_EXERCISE_
Only the lines from the one containing "Nas contas do" through the end of the listing belong in the answer, repeated exactly, with no pictures.

------------

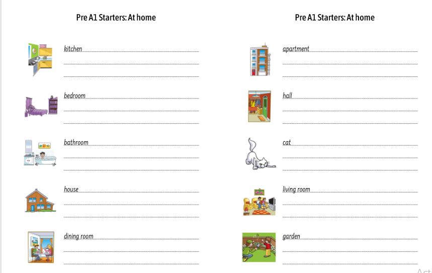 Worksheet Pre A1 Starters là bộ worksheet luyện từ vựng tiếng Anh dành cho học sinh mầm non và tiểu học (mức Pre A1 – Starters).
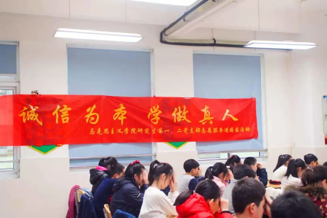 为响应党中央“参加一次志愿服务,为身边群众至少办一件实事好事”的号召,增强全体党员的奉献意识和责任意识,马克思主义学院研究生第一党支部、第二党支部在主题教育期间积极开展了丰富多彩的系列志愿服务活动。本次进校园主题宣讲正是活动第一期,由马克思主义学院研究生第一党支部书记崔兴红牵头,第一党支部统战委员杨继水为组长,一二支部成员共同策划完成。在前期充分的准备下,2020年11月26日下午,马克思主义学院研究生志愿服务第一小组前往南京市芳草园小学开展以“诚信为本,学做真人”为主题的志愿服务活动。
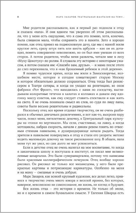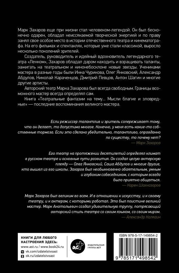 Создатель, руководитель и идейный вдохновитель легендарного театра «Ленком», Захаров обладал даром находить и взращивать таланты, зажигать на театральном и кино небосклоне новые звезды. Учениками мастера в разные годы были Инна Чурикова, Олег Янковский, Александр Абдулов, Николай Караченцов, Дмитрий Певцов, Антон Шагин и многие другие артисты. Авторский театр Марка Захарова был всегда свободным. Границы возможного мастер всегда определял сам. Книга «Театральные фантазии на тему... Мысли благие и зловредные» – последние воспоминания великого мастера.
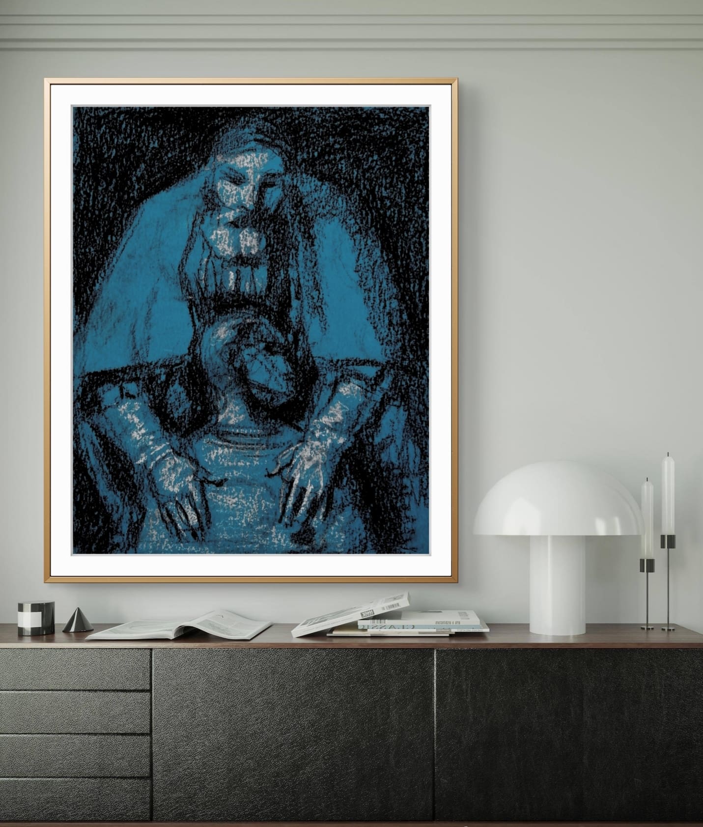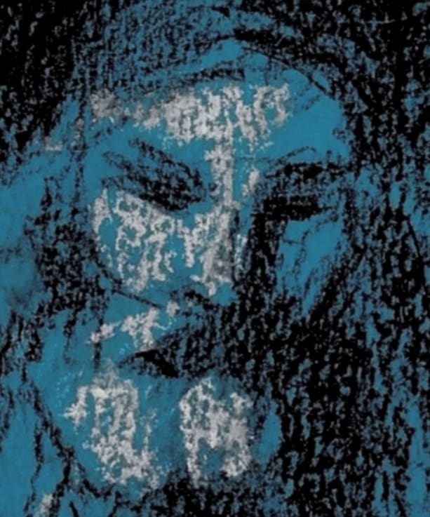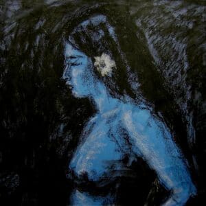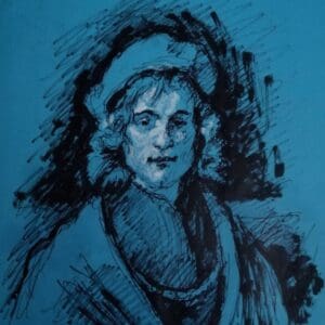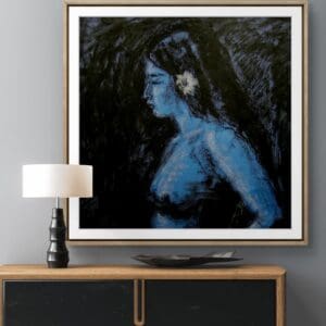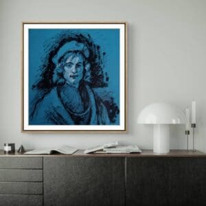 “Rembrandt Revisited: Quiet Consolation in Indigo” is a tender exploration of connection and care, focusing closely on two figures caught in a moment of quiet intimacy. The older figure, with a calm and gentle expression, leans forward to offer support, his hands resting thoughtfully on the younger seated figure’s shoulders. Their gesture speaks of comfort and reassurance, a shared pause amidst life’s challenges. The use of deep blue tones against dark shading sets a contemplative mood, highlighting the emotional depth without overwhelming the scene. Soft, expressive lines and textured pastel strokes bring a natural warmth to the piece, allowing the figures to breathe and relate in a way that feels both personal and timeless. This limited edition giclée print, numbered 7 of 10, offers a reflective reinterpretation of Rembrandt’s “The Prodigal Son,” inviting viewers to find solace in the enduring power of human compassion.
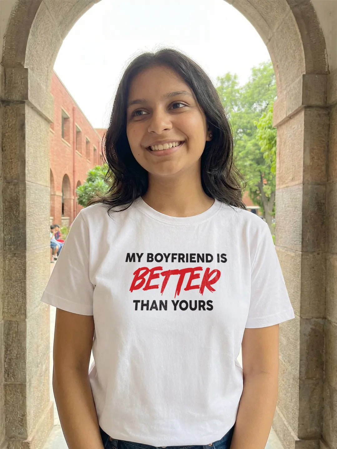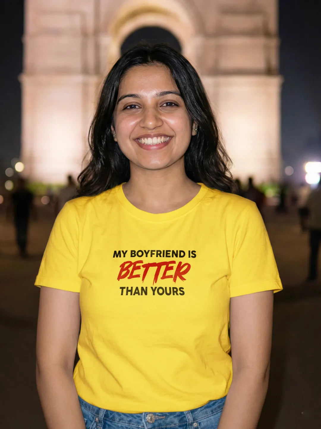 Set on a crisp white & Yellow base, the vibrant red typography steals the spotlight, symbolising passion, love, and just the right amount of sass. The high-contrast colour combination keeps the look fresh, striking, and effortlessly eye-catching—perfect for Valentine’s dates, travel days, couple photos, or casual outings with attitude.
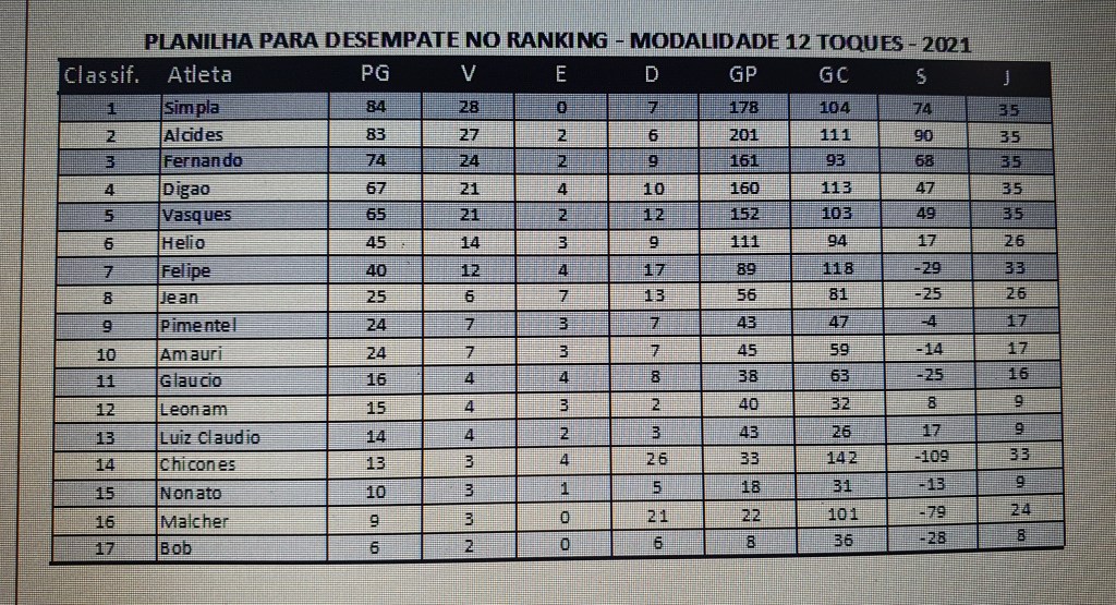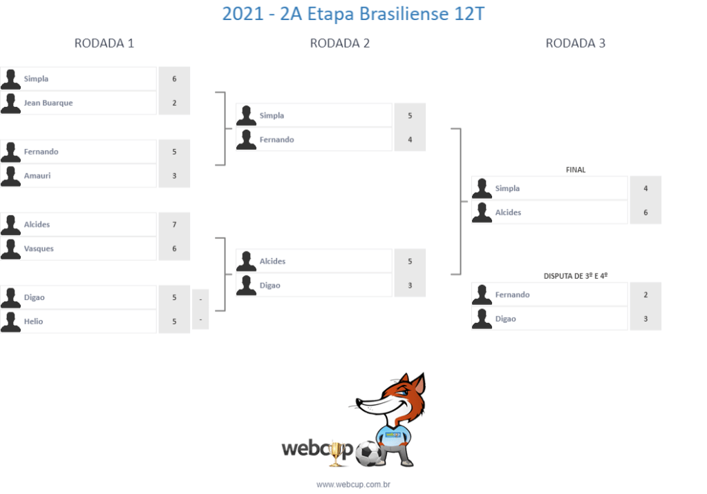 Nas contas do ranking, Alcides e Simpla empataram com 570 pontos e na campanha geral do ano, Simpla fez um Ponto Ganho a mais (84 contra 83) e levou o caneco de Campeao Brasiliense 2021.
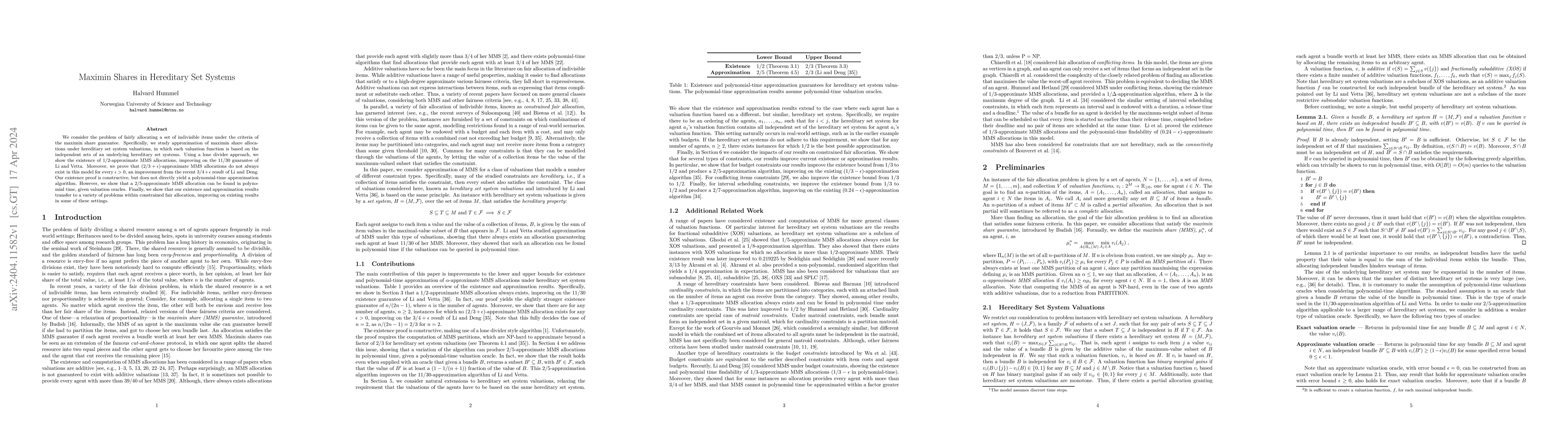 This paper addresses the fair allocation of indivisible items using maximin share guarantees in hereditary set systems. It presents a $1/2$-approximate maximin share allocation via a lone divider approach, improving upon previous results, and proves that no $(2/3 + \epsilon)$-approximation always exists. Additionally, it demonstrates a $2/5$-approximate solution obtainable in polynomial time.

------------

_OUTPUT BELOW_
 Nas contas do ranking, Alcides e Simpla empataram com 570 pontos e na campanha geral do ano, Simpla fez um Ponto Ganho a mais (84 contra 83) e levou o caneco de Campeao Brasiliense 2021.
 This paper addresses the fair allocation of indivisible items using maximin share guarantees in hereditary set systems. It presents a $1/2$-approximate maximin share allocation via a lone divider approach, improving upon previous results, and proves that no $(2/3 + \epsilon)$-approximation always exists. Additionally, it demonstrates a $2/5$-approximate solution obtainable in polynomial time.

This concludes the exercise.